When some of my favorite passages would come up I would be surprised at the change of words; sometimes an improvement, other times a disappointment.
In the introduction, a note on the translation explains the disparity of the various translations starting with his most famous story, The Metamorphosis. For example, the typical narrations begins by calling the newly transformed creature an ugly insect. However, when looking at the original German, translator Joachim Neugroschel changes it to "monsterous vermin," a significant difference. I can't remember the German words, but they look like the direct translation would be monstrous vermin, and clearly not "insect."

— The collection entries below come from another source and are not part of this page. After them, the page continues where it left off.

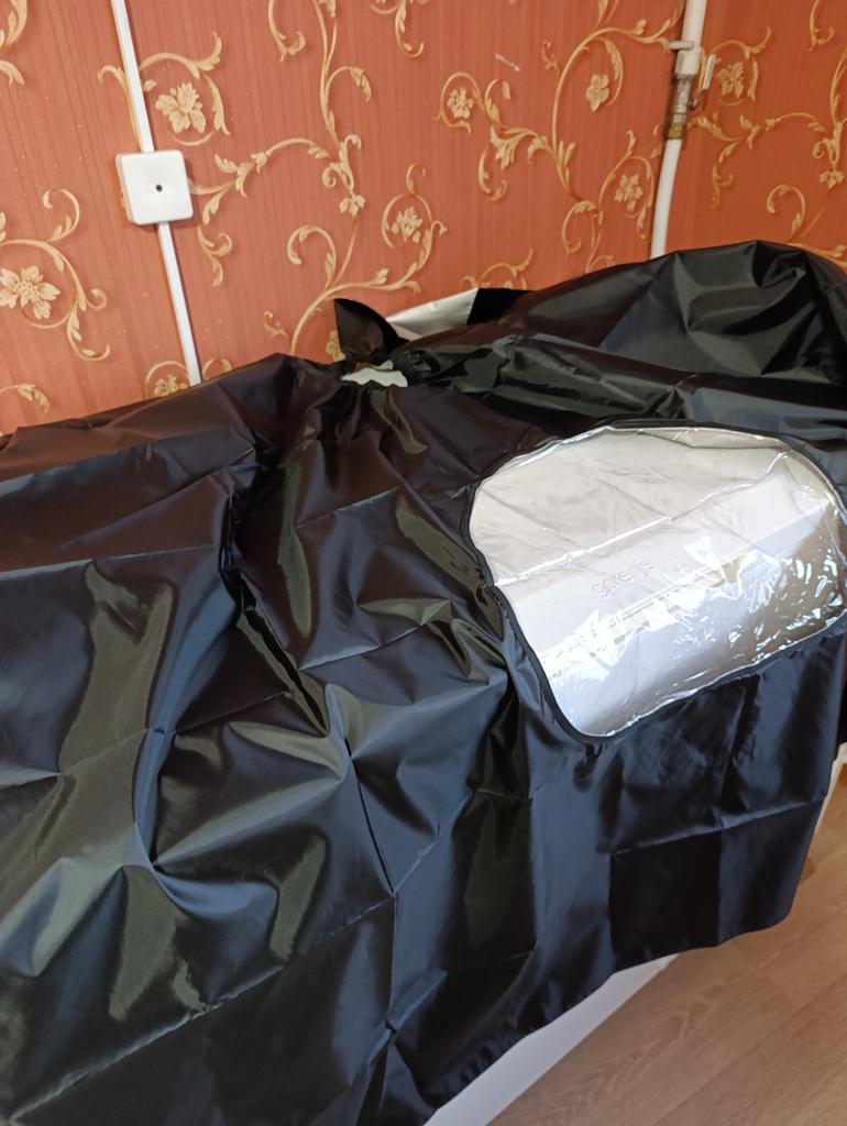 Short at the back. The hair is cut and falls back too. There was an unpleasant smell, I aired it out on the balcony.
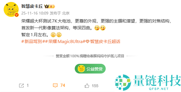 11月16日消息,今日,数码博主智慧皮卡丘”曝光了一款荣耀新旗舰,结合其配置与定位来看,预计为荣耀Magic8 Ultra。该博主透露,荣耀Magic
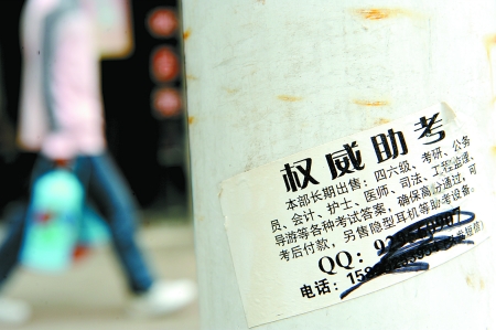 “作弊,隨著科技的發展在逐漸升級。”小杰說,按他學長們的說法,利用電子產品作弊,大約在1995年便出現了,那時,大家多用BP機作弊。

The authors extended discussion of the translation on the audio book made me feel better about his grasp of both languages, poetry and the intent of the author. So I can almost for give differences like "a pack of nobodies" being changed to "a bunch of nobodies." I prefer "pack" for its comparisons to wolves over "bunch" for its comaprison to bananas.
The translation should not be considered an "updated version" because that would imply simplification or modernization of the text. It still reads like it comes from Kafka's age. This version is great for a first time Kafka reader, a dedicated fan who wants to compare the language interpretations, or for someone who wants to re-experience the genius of Kafka.
I would give this book 5 stars if it were a complete collection of stories. Some of the ones that still haunt me are missing.
Dark and idiosyncraticReview Date: 1999-09-28
I won't pretend that I understood all of the political/religious symbolism, but was captivated by the dark humor and weird, despairing ambience of these character studies. There isn't a lot of conventional dramatic movement, but the power of these surreal images and bizarre viewpoints sneaks up on you. Kakfa has a narrative voice that is utterly unique. I found that it gained power upon re-reading(hearing), and promptly loaded up cassette one as soon as I reached the end.